Task item: Exact transcription, pictures omitted: begin at the top line of the records below and end with the line bearing "OstroVit Niacin 250".

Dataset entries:
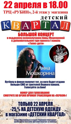 Концерт в поддержку Ани Мошкориной 6+ 19 апреля 2016 16:32 0 ТЦ «Рубин», 2 этаж22 апреля — 18:00 Поделиться:
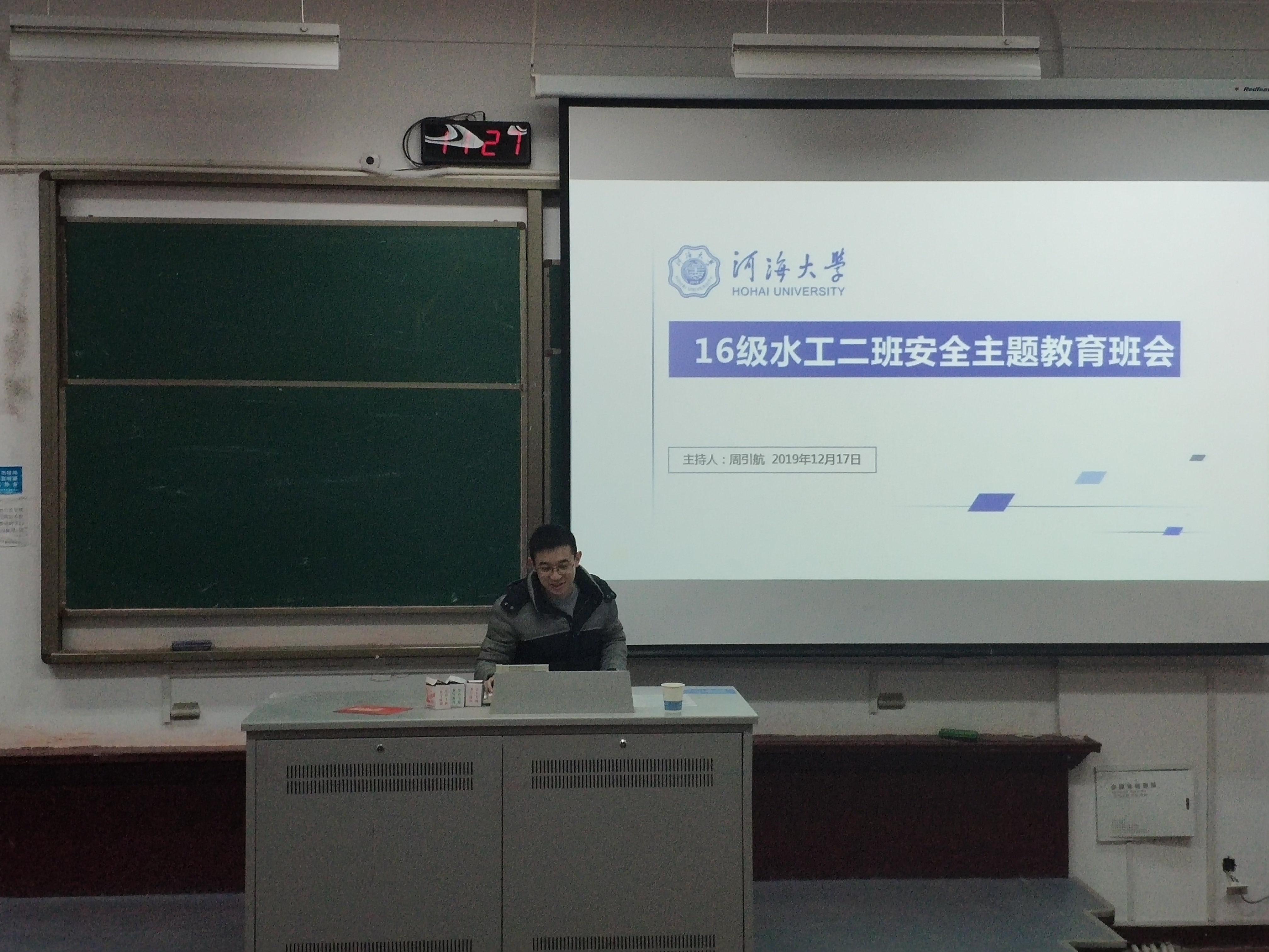 12月17日,2016级水工二班在工程馆101举行了安全教育主题班会。班会以结合公司安全教育为主题,对班级全体同学进行安全教育,学习安全知识,使同学们认识到安全的重要性。
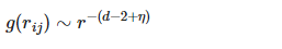 其中 d为伊辛模型所在空间的维度,η为幂律指数。幂律衰减会比指数衰减慢很多,这也就意味着两磁针之间的关联长度会很长。假如我们仍然用指数函数来拟合相关性的衰减,即假设
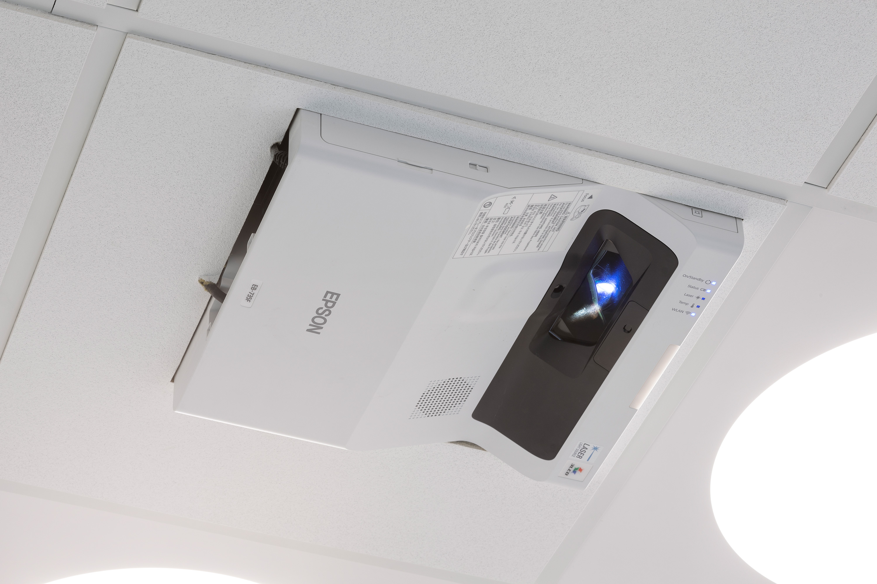 Via et Cue touch betjeningspanel kan der vælges mellem fire forskellige sanseoplevelser – drømme, hjem, ro og urkraft. Når et scenarie vælges, ændres sansefødens lys og der kommer lyd i lofthøjttalerne og levende billeder/video vises på væggene via 3 stk. Epson Ultra Short Throw projektorer.
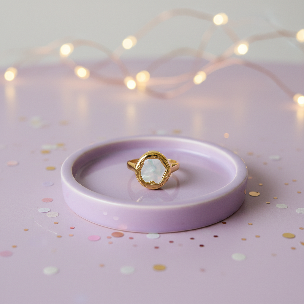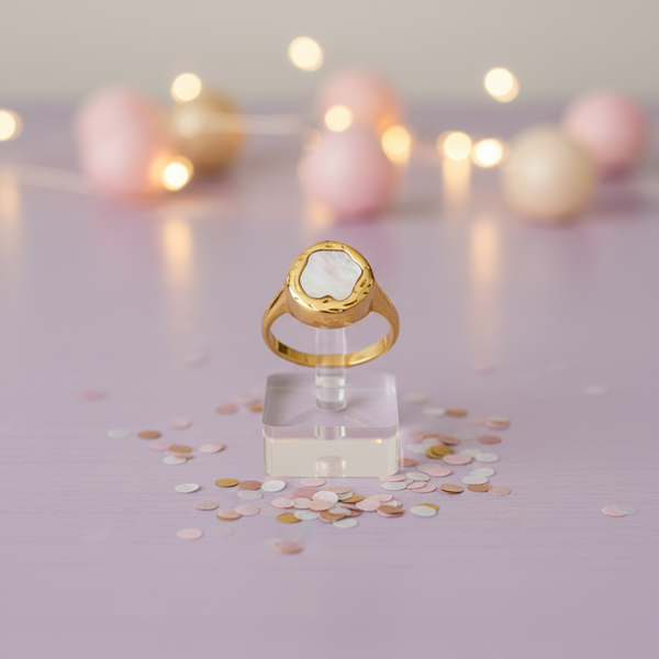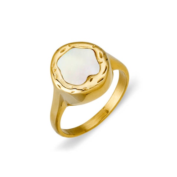 Seren Stainless Steel Waterproof 18K Gold Plated Paua Shell Molten Ring
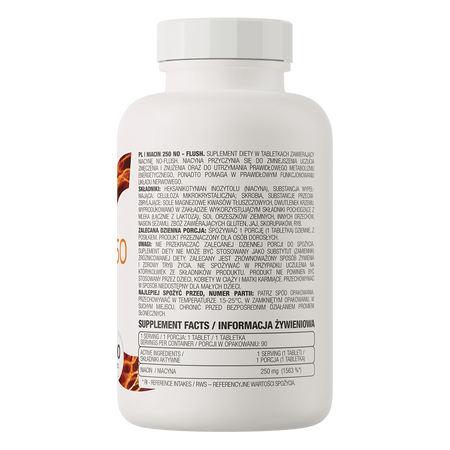 OstroVit Niacin 250 NO-FLUSH est un complément alimentaire de haute qualité qui fournit une source de niacine sous forme d'hexanicotinate d'inositol. Il s'agit d'une préparation disponible sous forme de comprimés faciles à avaler, destinée aux personnes qui se distinguent par un besoin accru en vitamines et minéraux.
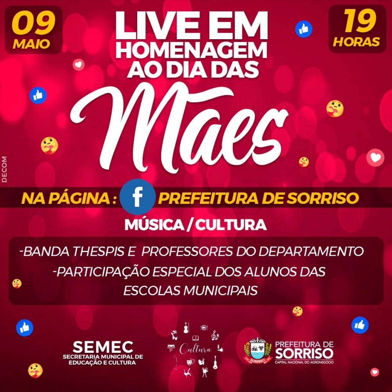 Graças à tecnologia, filhos podem homenagear, mesmo à distância, a mulher mais importante de suas vidas: aquela que lhes deu a vida, a mamãe. Para homenagear as mães sorrisenses, a Prefeitura de Sorriso, por meio da Secretaria de Educação e Cultura (Semec), promove neste sábado (9), às 19h, uma live na página oficial da Prefeitura no Facebook, recheada de ternura, amor e muito, muito talento.
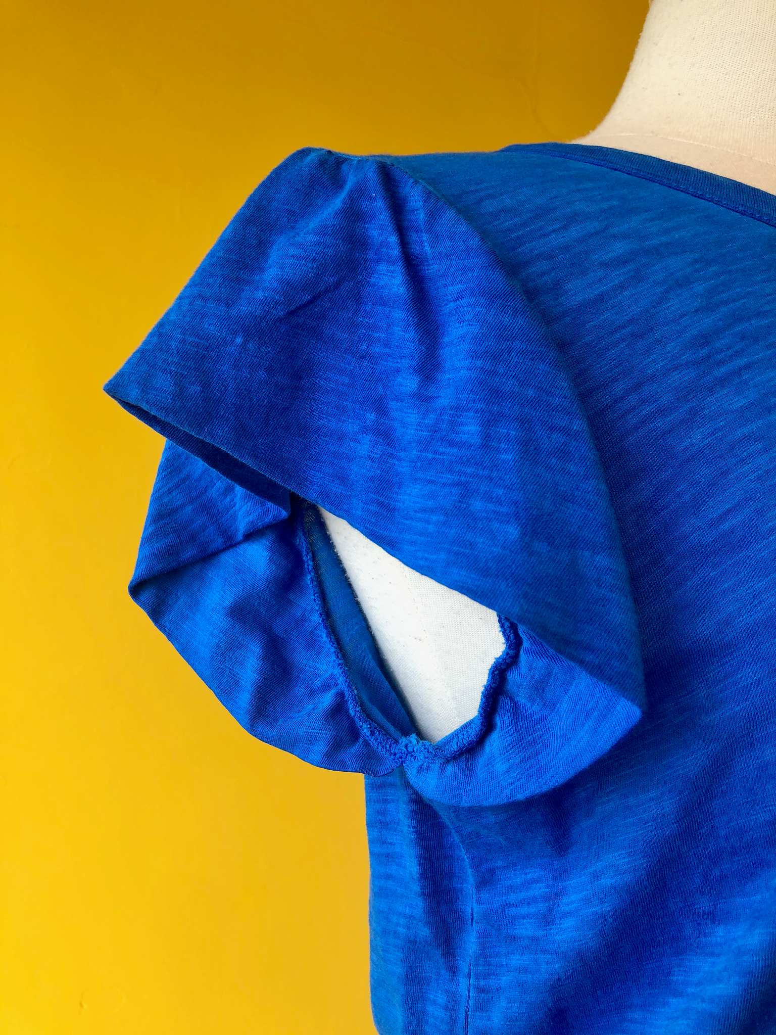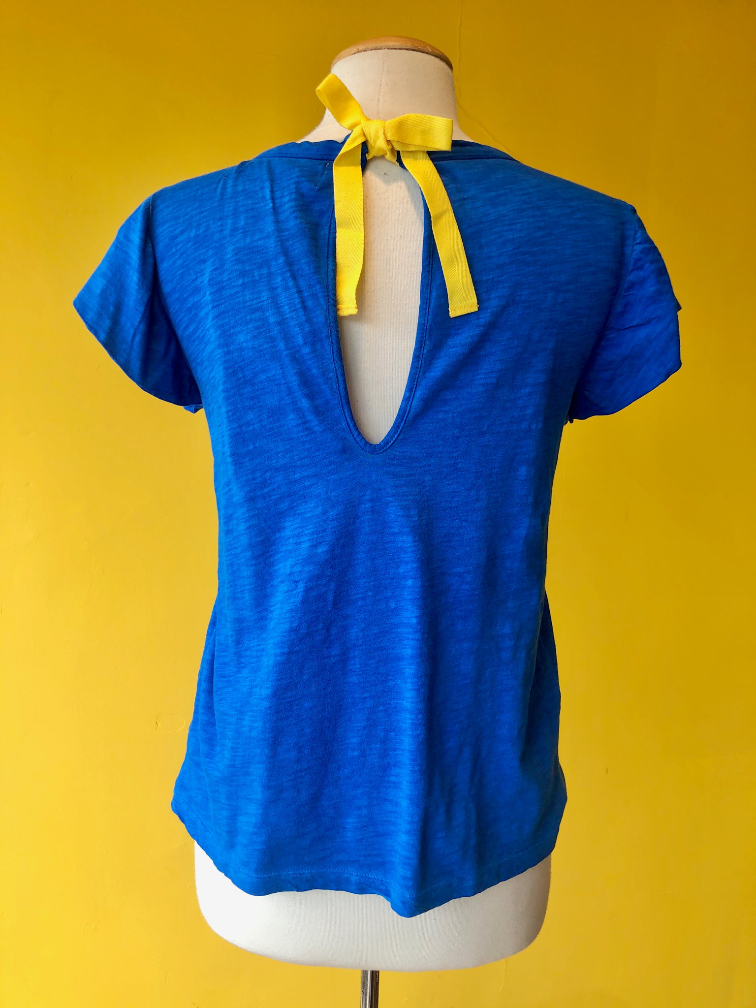 Blue cotton t-shirt with ruffle cap sleeves and a keyhole back with yellow ties.

Response:
 Концерт в поддержку Ани Мошкориной 6+ 19 апреля 2016 16:32 0 ТЦ «Рубин», 2 этаж22 апреля — 18:00 Поделиться:
 12月17日,2016级水工二班在工程馆101举行了安全教育主题班会。班会以结合公司安全教育为主题,对班级全体同学进行安全教育,学习安全知识,使同学们认识到安全的重要性。
 其中 d为伊辛模型所在空间的维度,η为幂律指数。幂律衰减会比指数衰减慢很多,这也就意味着两磁针之间的关联长度会很长。假如我们仍然用指数函数来拟合相关性的衰减,即假设
 Via et Cue touch betjeningspanel kan der vælges mellem fire forskellige sanseoplevelser – drømme, hjem, ro og urkraft. Når et scenarie vælges, ændres sansefødens lys og der kommer lyd i lofthøjttalerne og levende billeder/video vises på væggene via 3 stk. Epson Ultra Short Throw projektorer.
 Seren Stainless Steel Waterproof 18K Gold Plated Paua Shell Molten Ring
 OstroVit Niacin 250 NO-FLUSH est un complément alimentaire de haute qualité qui fournit une source de niacine sous forme d'hexanicotinate d'inositol. Il s'agit d'une préparation disponible sous forme de comprimés faciles à avaler, destinée aux personnes qui se distinguent par un besoin accru en vitamines et minéraux.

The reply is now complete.